Alleged deal could include agreement for 60 million doses

Coronavirus vaccine

Sanofi and GlaxoSmithKline look set to agree a £500m deal with Britain for the supply of 60 million doses of a potential COVID-19 vaccine, according to a report from the Sunday Times.

Last month, French drugmaker Sanofi said that it expects to start clinical testing of its experimental coronavirus vaccine in September, several months earlier than planned. The company added that it could have the vaccine ready for emergency use by as early as January.

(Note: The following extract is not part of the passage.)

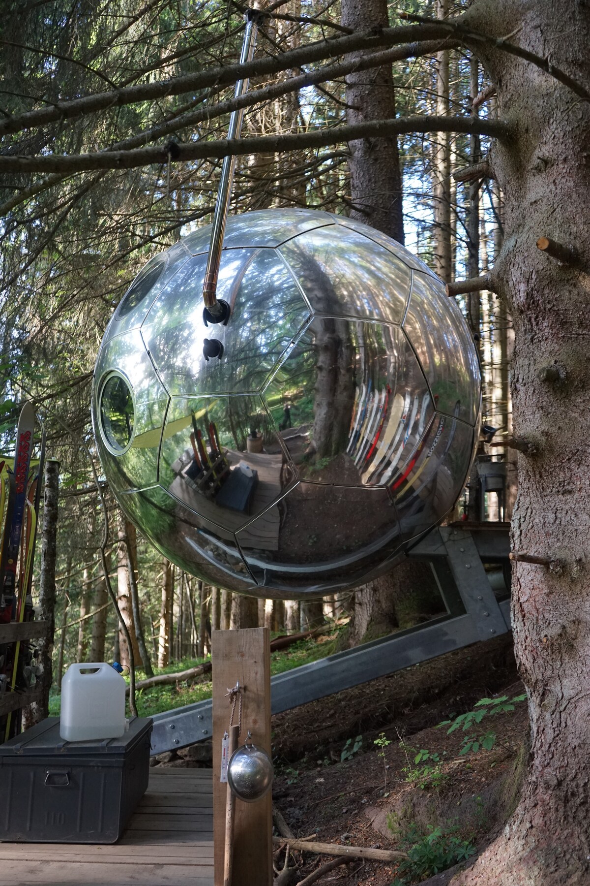 Cocoon con esfera de espejos: montaña y jacuzzi
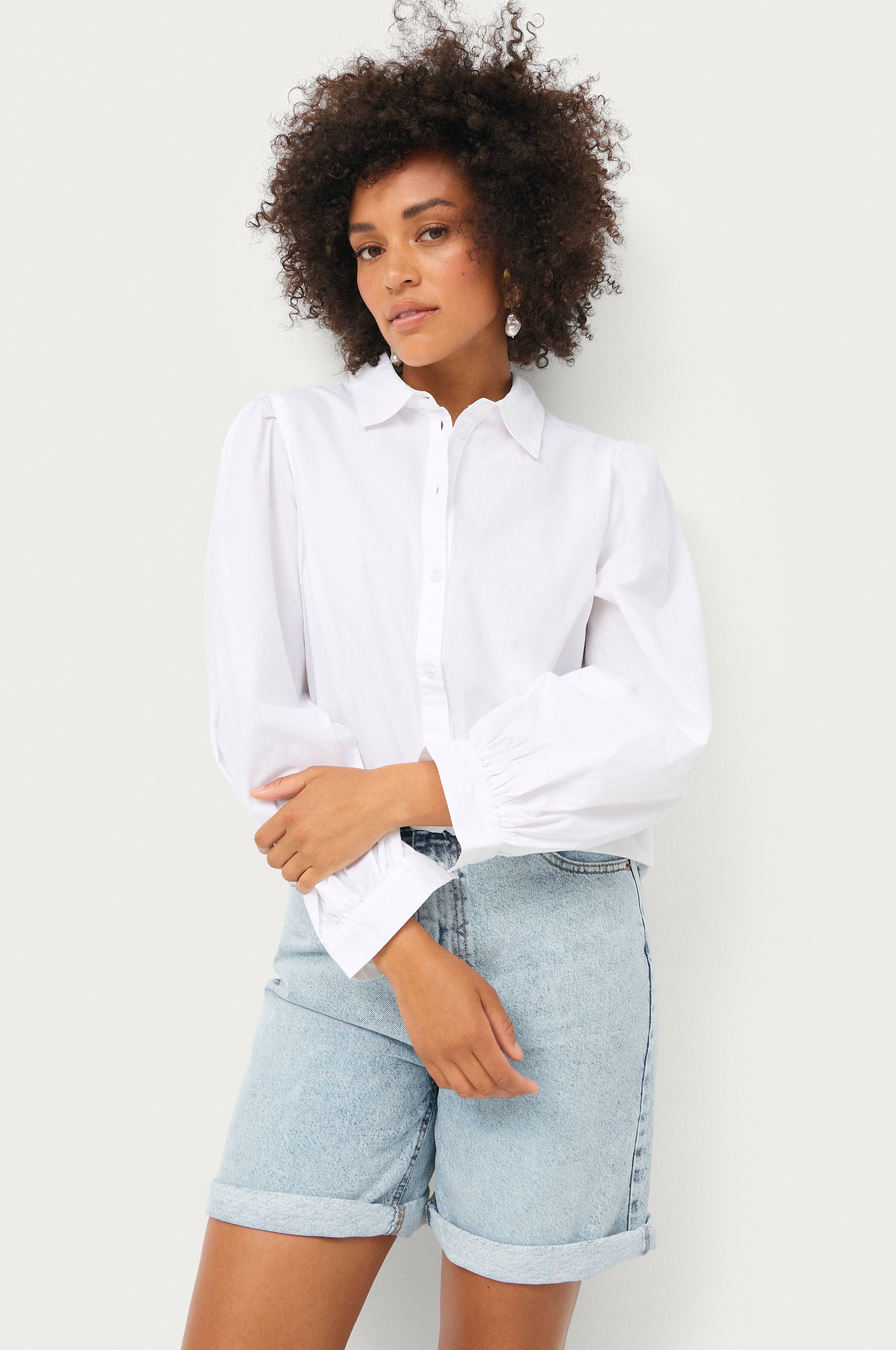 • Knappar fram• Långa ballongärmar med manschett• Rynk på axlarna

According to the Sunday Times report, Britain is considering agreeing an option to buy the vaccine if it proves effective in human trials, and would pay the £500m total in stages.

Sanofi is investigating two vaccine candidates, one of which uses GSK’s AS03 adjuvant and is based on Sanofi’s baculovirus expression system, already used in its quadrivalent flu vaccine. The other candidate, which Sanofi is developing with Translate Bio, leverages mRNA technology against the novel coronavirus disease.

The Sanofi/GSK deal would be the second such deal Britain has made for the assured supply of a potential coronavirus vaccine, following a similar deal made with AstraZeneca for access to Oxford University’s candidate.

A spokeswoman for Britain’s business ministry said that "the Government's Vaccines Task Force is actively engaging with a wide range of companies both in the UK and abroad to negotiate access to vaccines”, although she did not confirm if GSK and Sanofi were involved in these negotiations.

In April, the UK government set out its plans for a new coronavirus vaccine task force, which was created to support efforts to rapidly develop a vaccine by providing industry and research institutions the resources and support they need.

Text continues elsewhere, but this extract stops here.